### Try it
Write the data out again, character for character, with no images.

### Data below
----------------------------------------

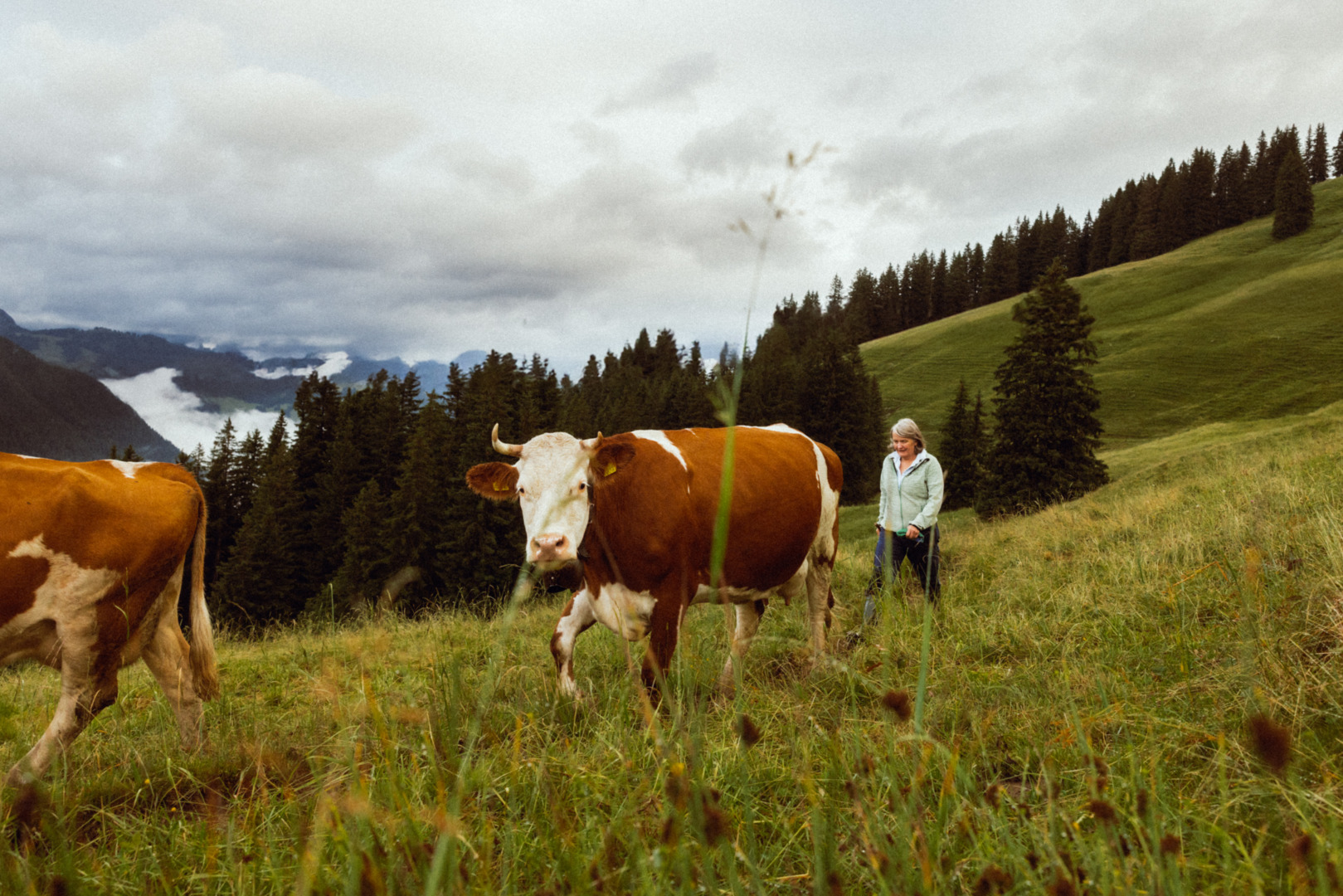Les Reichenbach sont une grande famille avec sept enfants et encore plus de petits-enfants. Dans le cadre de notre visite, nous faisons la connaissance des parents, Therese et Ernst. Dès son plus jeune âge, Therese se rendait chaque été au Satteleggbergli. C’est ainsi que, depuis presque 40 ans, elle passe ses étés à l’alpage avec son époux Ernst à ses côtés. Aujourd’hui, leur fils Marco et son épouse Jana, sans oublier la petite Elina, ont fait le déplacement de leur ferme dans la vallée pour être de la partie. Marco a pris la décision de reprendre la ferme et l’exploitation de l’alpage en compagnie de son épouse Jana.
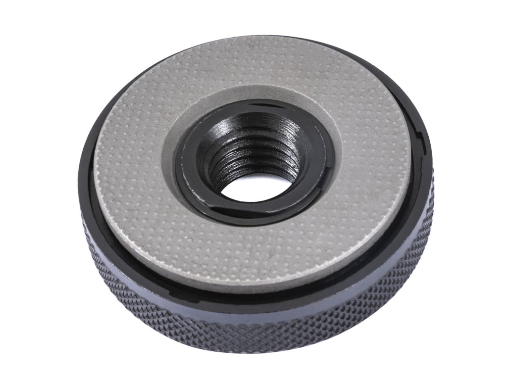 Olakšava i ubrzava sigurnu izmjenu kotača za rezanje i brušenje promjera 115 – 225 mm u kutnoj brusilici s navojem M14 na vretenu. Ključ nije potreban za zatezanje i otpuštanje, to se radi ručno. U slučaju začepljenja mogu se koristiti rupe na licu matice. Matica s brzim otpuštanjem korisna je za povećanje radne učinkovitosti i istovremeno ne dopušta prenaprezanje, a time i deformaciju alata.
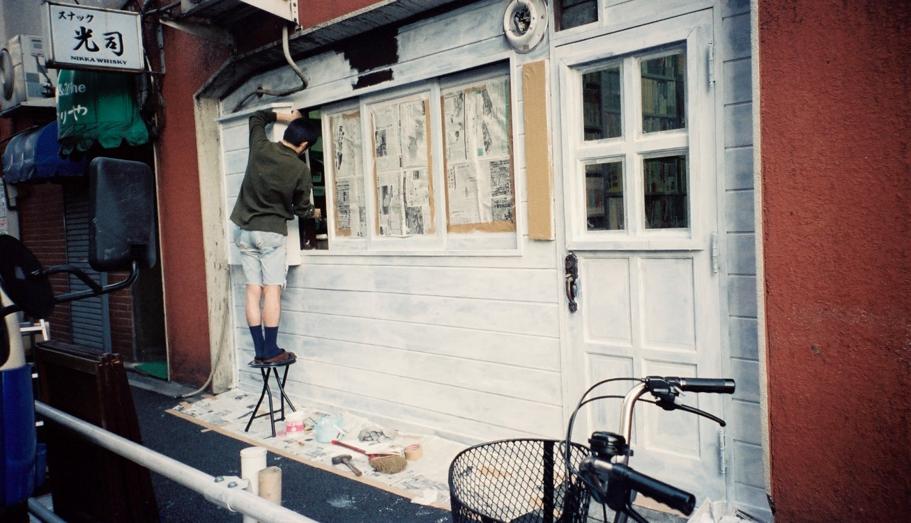 模索舎の外壁修繕。舎内も舎外もDIYで修繕・模様替えを行ってきた(1997年5月撮影)。

----------------------------------------

### Output of the exercise
Les Reichenbach sont une grande famille avec sept enfants et encore plus de petits-enfants. Dans le cadre de notre visite, nous faisons la connaissance des parents, Therese et Ernst. Dès son plus jeune âge, Therese se rendait chaque été au Satteleggbergli. C’est ainsi que, depuis presque 40 ans, elle passe ses étés à l’alpage avec son époux Ernst à ses côtés. Aujourd’hui, leur fils Marco et son épouse Jana, sans oublier la petite Elina, ont fait le déplacement de leur ferme dans la vallée pour être de la partie. Marco a pris la décision de reprendre la ferme et l’exploitation de l’alpage en compagnie de son épouse Jana.
 Olakšava i ubrzava sigurnu izmjenu kotača za rezanje i brušenje promjera 115 – 225 mm u kutnoj brusilici s navojem M14 na vretenu. Ključ nije potreban za zatezanje i otpuštanje, to se radi ručno. U slučaju začepljenja mogu se koristiti rupe na licu matice. Matica s brzim otpuštanjem korisna je za povećanje radne učinkovitosti i istovremeno ne dopušta prenaprezanje, a time i deformaciju alata.
 模索舎の外壁修繕。舎内も舎外もDIYで修繕・模様替えを行ってきた(1997年5月撮影)。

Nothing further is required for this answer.